Consider what happened in two weeks. A supply chain attack on LiteLLM compromised 500,000 devices through a poisoned security scanner in CI/CD. Memory Control Flow Attacks showed that an agent's own stored knowledge can be weaponized against it. NIST proved that hijacking attacks transfer across model families. n8n RCE vulnerabilities opened paths from AI workflow tools to full server takeover. A 4B parameter model matched frontier offensive capability at 1/100th the cost.

None of these are individual, patchable bugs. They are consequences of how agent ecosystems are structured. Agents depend on shared infrastructure (LiteLLM, MCP, workflow platforms). Agents trust their own memory. Agents inherit the attack surfaces of every tool they connect to. Attacks that work against one model work against many.

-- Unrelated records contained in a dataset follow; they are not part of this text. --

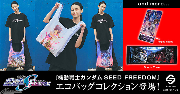 由採納高達世界觀的成衣商店「STRICT-G」推出,『機動戰士高達SEED FREEDOM』的「環保袋」3種、「主視覺 壓克力立牌」、「長條視覺 運動毛巾」的預約販售,於今天2月16日(五)13:00開放。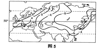 图5是亚欧大陆气温等距平线略图.气温距平值是指该地气温与同纬度平均气温的差值。下图中,A、B两地(图中黑点)分别位于不同等距平线上。据此回答10-11题。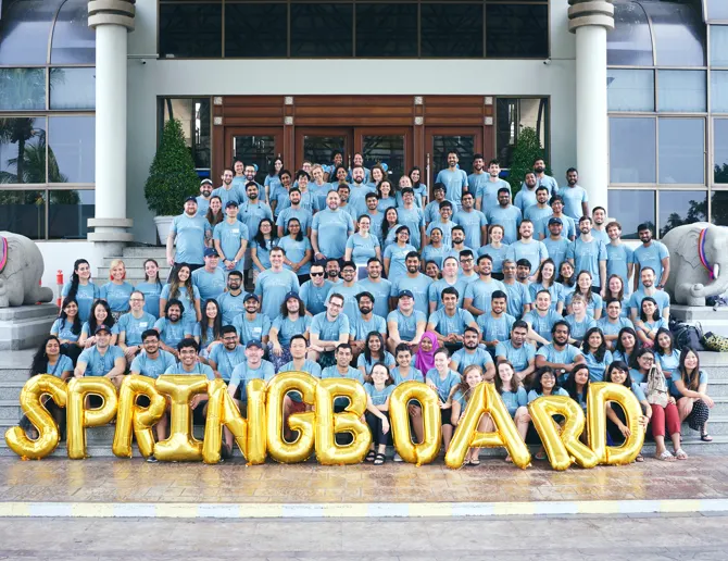 Since our founding in 2013, we’ve doubled our team size each year, with offices in Bengaluru and San Francisco. Today, the Springboard community includes tens of thousands of students and alumni, more than a thousand expert mentors, dozens of career coaches, and hundreds of employer partners. Together, we’re building a network that’s bridging the world’s skills gap.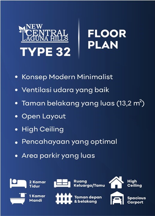 Type 32 Miliki desain Modern Minimalist dengan pengunaan warna natural dan paduan fasad bermotif kayu membuat tampilan rumah terlihat mewah dan menarik. Hubungi KamiDapatkan Promo dan Penawaran Menarik dengan mengisi Form dibawah ini: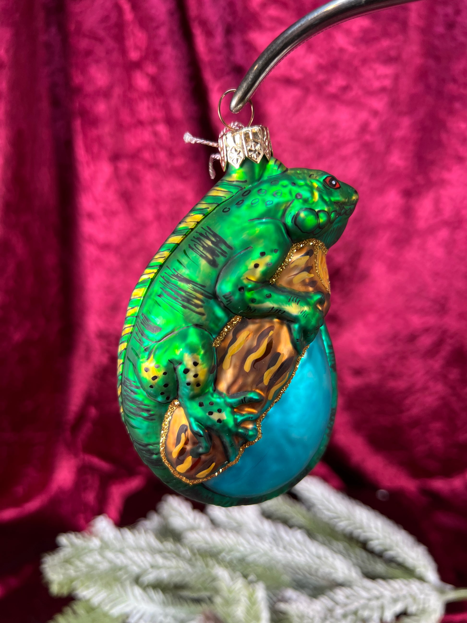 Vintage Christmas - Handblown Glass Ornament - Bright Green Lizard - Ornimals by Discovery Channel - Poland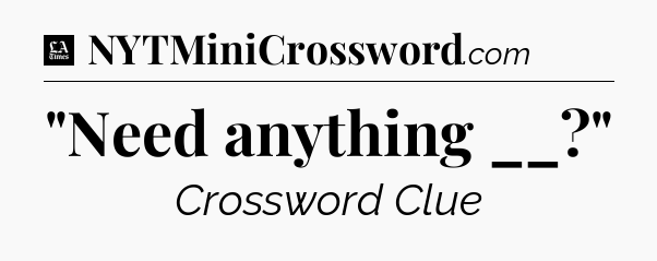 The clue “”Need anything __?”” most recently appeared in a LA Times Crossword on February 10, 2021.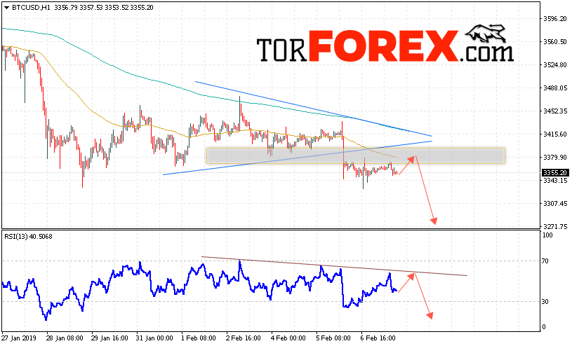 Таким образом, BTC/USD прогноз курса Bitcoin на 8 февраля 2019 предполагает попытку теста уровня сопротивления вблизи области 3385. И далее продолжение падения криптовалюты с потенциальной целью на уровне 3275. Дополнительным сигналом в пользу снижения курса Bitcoin выступит тест формирования разворотной модели на индикаторе относительной силы. Отменой варианта падения криптовалюты станет рост и пробой области 3450. Это укажет на продолжение роста с потенциальной целью выше 3800.

Microsoft's response -- 700+ controls, Zero Trust applied to agents, "assume breach" as a first principle -- is the right philosophical direction. But controls and frameworks are static. The attack surface is not. NIST's competition demonstrated that the attack landscape is adversarial and adaptive: the hardest targets produce the most transferable attacks.

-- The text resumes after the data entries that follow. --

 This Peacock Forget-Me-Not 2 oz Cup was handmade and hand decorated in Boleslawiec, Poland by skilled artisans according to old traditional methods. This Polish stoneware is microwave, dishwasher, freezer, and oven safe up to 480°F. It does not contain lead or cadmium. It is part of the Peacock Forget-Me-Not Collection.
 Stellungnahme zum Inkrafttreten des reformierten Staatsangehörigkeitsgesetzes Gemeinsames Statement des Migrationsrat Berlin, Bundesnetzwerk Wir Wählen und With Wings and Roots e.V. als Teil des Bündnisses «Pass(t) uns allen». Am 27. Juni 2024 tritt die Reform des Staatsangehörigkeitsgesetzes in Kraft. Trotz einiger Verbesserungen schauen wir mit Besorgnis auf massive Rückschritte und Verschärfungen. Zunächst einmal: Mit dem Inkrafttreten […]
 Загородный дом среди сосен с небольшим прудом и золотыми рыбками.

The uncomfortable truth from RSAC is that the security industry knows what is coming and is not confident it can keep up. Mandia's "respond at machine speed" is not a slogan. It is a requirement. When AI agents can evade EDR in under an hour and exploit discovery is exponential, the response system must be autonomous too.

That is the gap we are focused on: not another framework or control catalog, but systems that actively probe agent ecosystems for the class of structural vulnerabilities this period revealed, reason about what they find, and harden defenses before the next TeamPCP or MemFlow-style attack lands. The window between "attack discovered in research" and "attack deployed in the wild" is compressing. The defense must compress faster.